> Exercise directions
Word for word and without images, reproduce the listing that follows.

> Source data
>>>
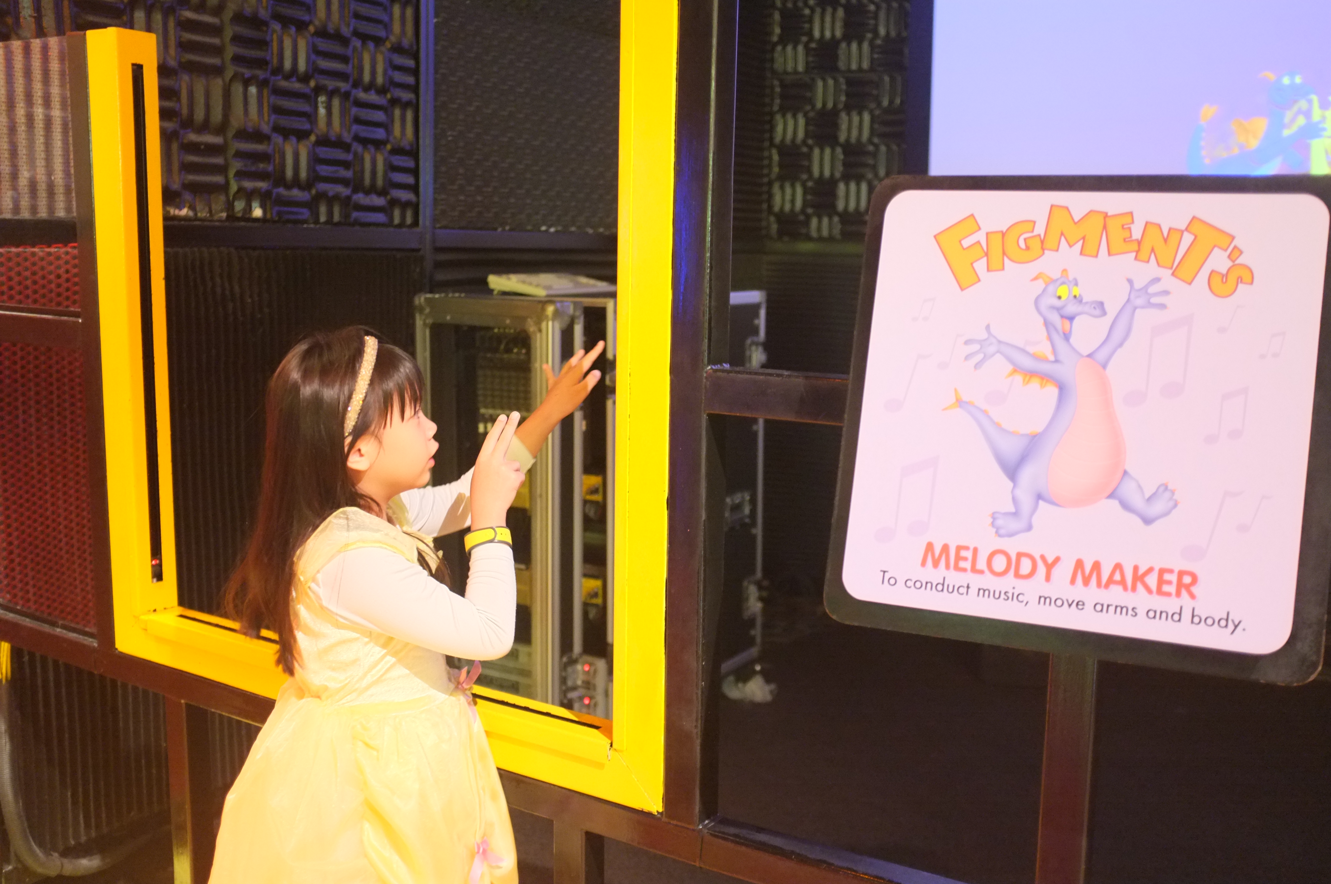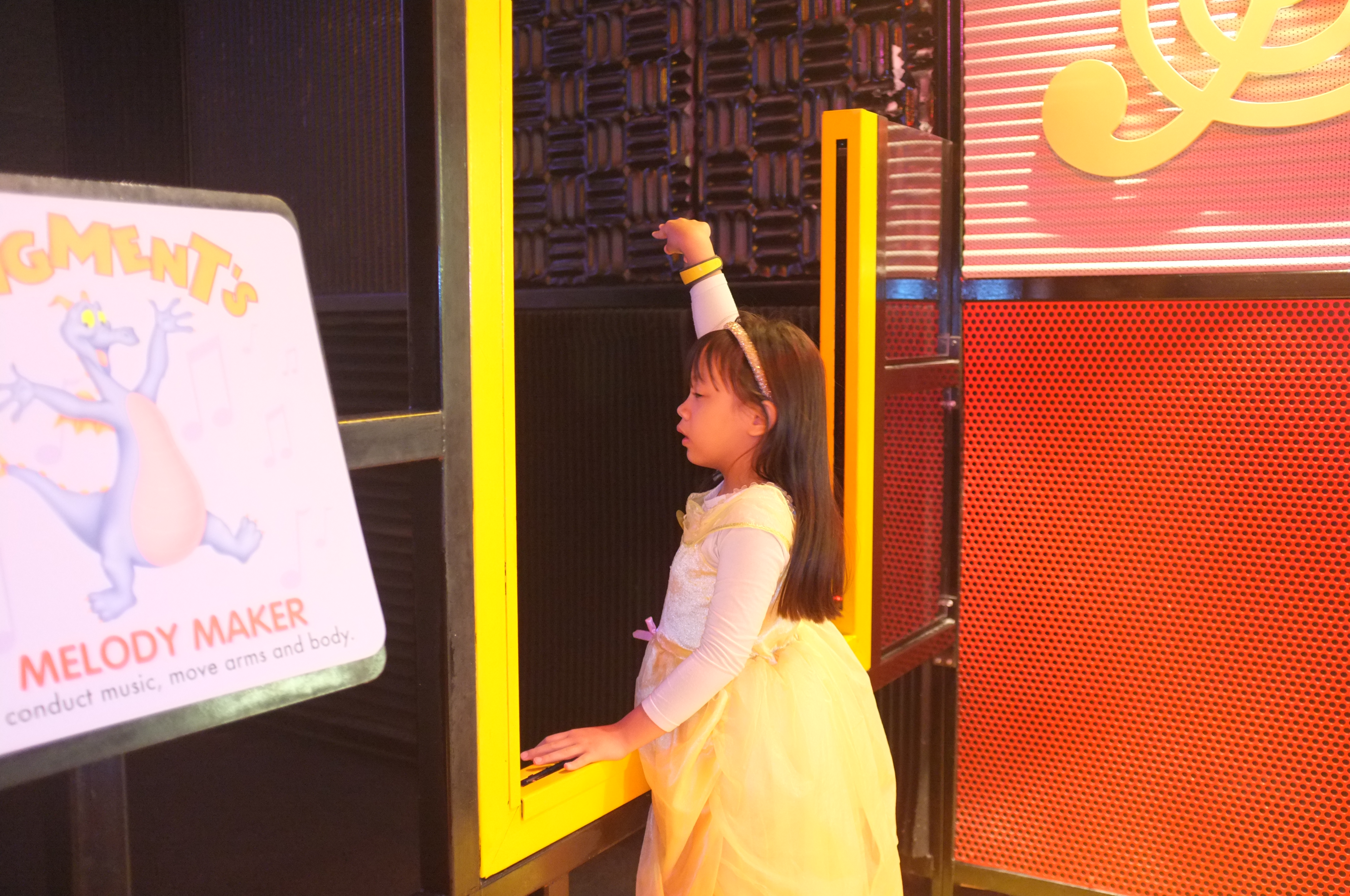 We made our way to Journey Into Imagination With Figment next. We walked past this attraction several times and have not tried it as we had mistaken it for an exhibition. A cast member recommended this to us while we were making additional FastPasses. We climbed aboard a carriage where surprises galore as we travelled through Dr. Channing’s sensory labs. We learnt and laughed about the 5 senses—sound, sight, smell, touch and taste—on this madcap musical trip with Figment. After the ride, we adjourned to ImageWorks, an interactive exhibit area offering the latest in unique, hands-on imagery technology. We used our imagination to make music, digital pictures after which Ashley sent a free photo email of imagination work to herself. It was a pleasant experience.
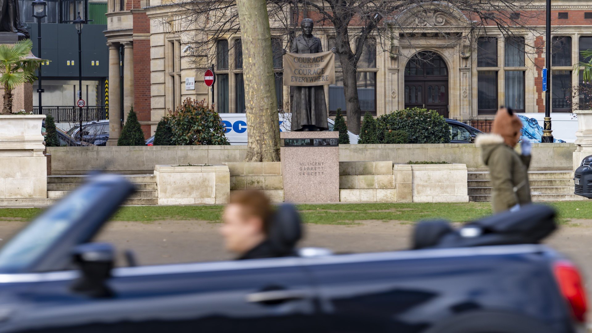 Ποιος είναι ο καλύτερος τρόπος για να ξεκινήσεις μία περιήγηση με το MINI Cooper SE Cabrio σε μία πόλη 9 εκατομμυρίων κατοίκων με πλούσια ιστορία; Μα, φυσικά, το «Courage», ένα από τα νεότερα αγάλματα στο ιστορικό Λονδίνο. Ειδικότερα, η κατασκευή του έγινε το 2018, προς τιμήν της ακτιβίστριας για τα δικαιώματα των γυναικών, Dame Millicent Garrett Fawcett.
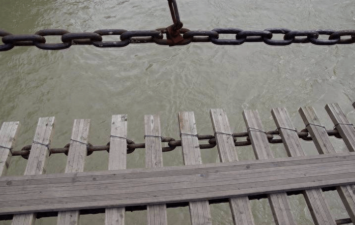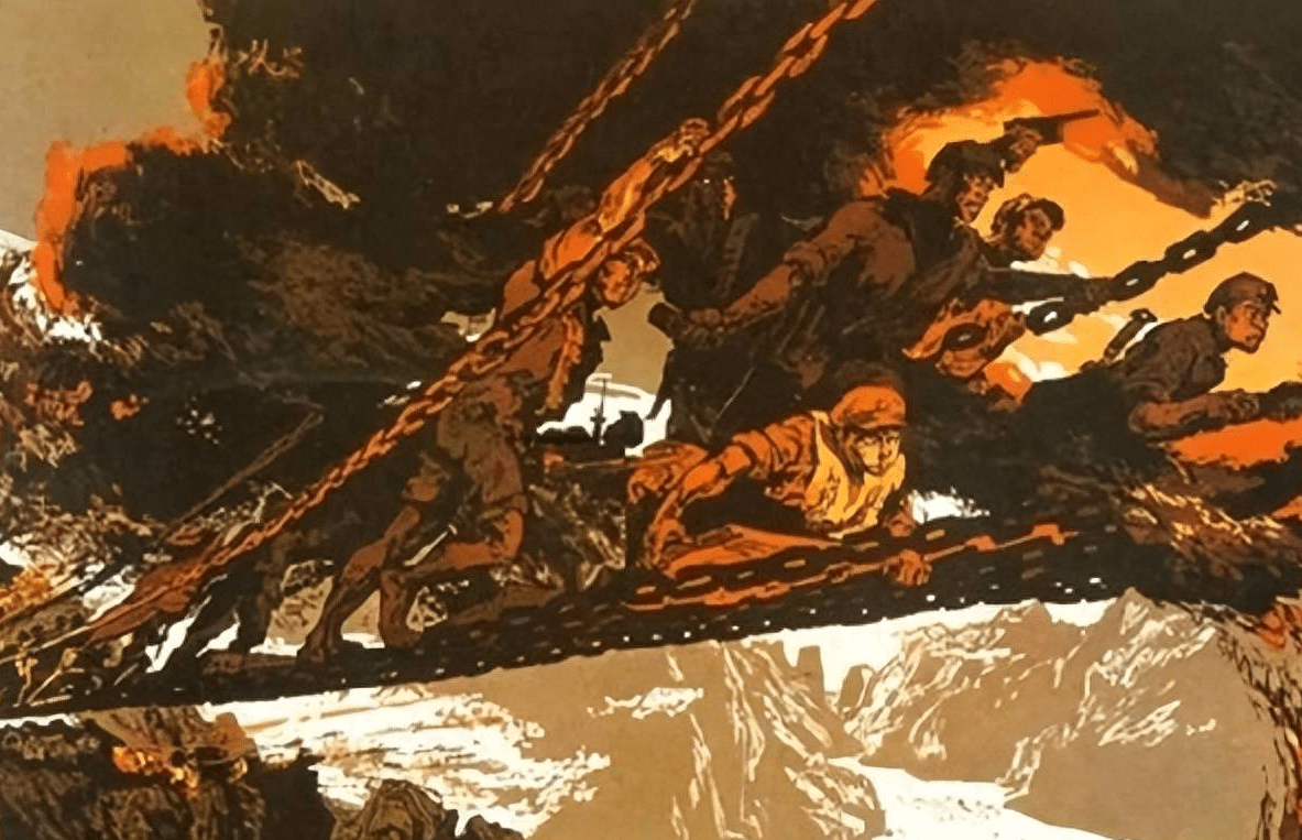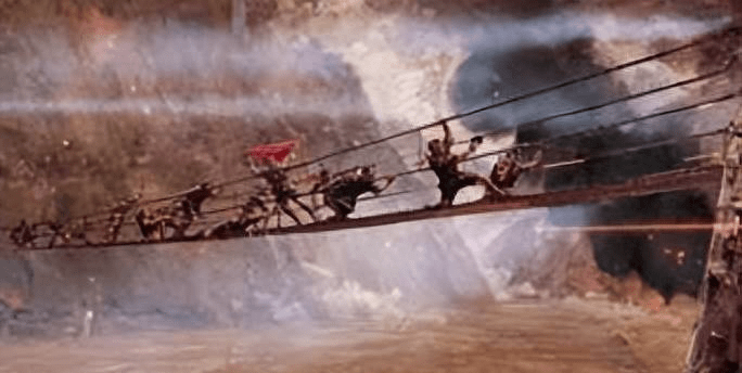 29日清晨,他们终于赶到泸定桥,却惊奇的看到桥上原本的木板已经被敌人拆除,只剩下13根冰冷的铁索横跨两岸,而对面则是敌人射下的埋伏。
<<<
> Output below
 We made our way to Journey Into Imagination With Figment next. We walked past this attraction several times and have not tried it as we had mistaken it for an exhibition. A cast member recommended this to us while we were making additional FastPasses. We climbed aboard a carriage where surprises galore as we travelled through Dr. Channing’s sensory labs. We learnt and laughed about the 5 senses—sound, sight, smell, touch and taste—on this madcap musical trip with Figment. After the ride, we adjourned to ImageWorks, an interactive exhibit area offering the latest in unique, hands-on imagery technology. We used our imagination to make music, digital pictures after which Ashley sent a free photo email of imagination work to herself. It was a pleasant experience.
 Ποιος είναι ο καλύτερος τρόπος για να ξεκινήσεις μία περιήγηση με το MINI Cooper SE Cabrio σε μία πόλη 9 εκατομμυρίων κατοίκων με πλούσια ιστορία; Μα, φυσικά, το «Courage», ένα από τα νεότερα αγάλματα στο ιστορικό Λονδίνο. Ειδικότερα, η κατασκευή του έγινε το 2018, προς τιμήν της ακτιβίστριας για τα δικαιώματα των γυναικών, Dame Millicent Garrett Fawcett.
 29日清晨,他们终于赶到泸定桥,却惊奇的看到桥上原本的木板已经被敌人拆除,只剩下13根冰冷的铁索横跨两岸,而对面则是敌人射下的埋伏。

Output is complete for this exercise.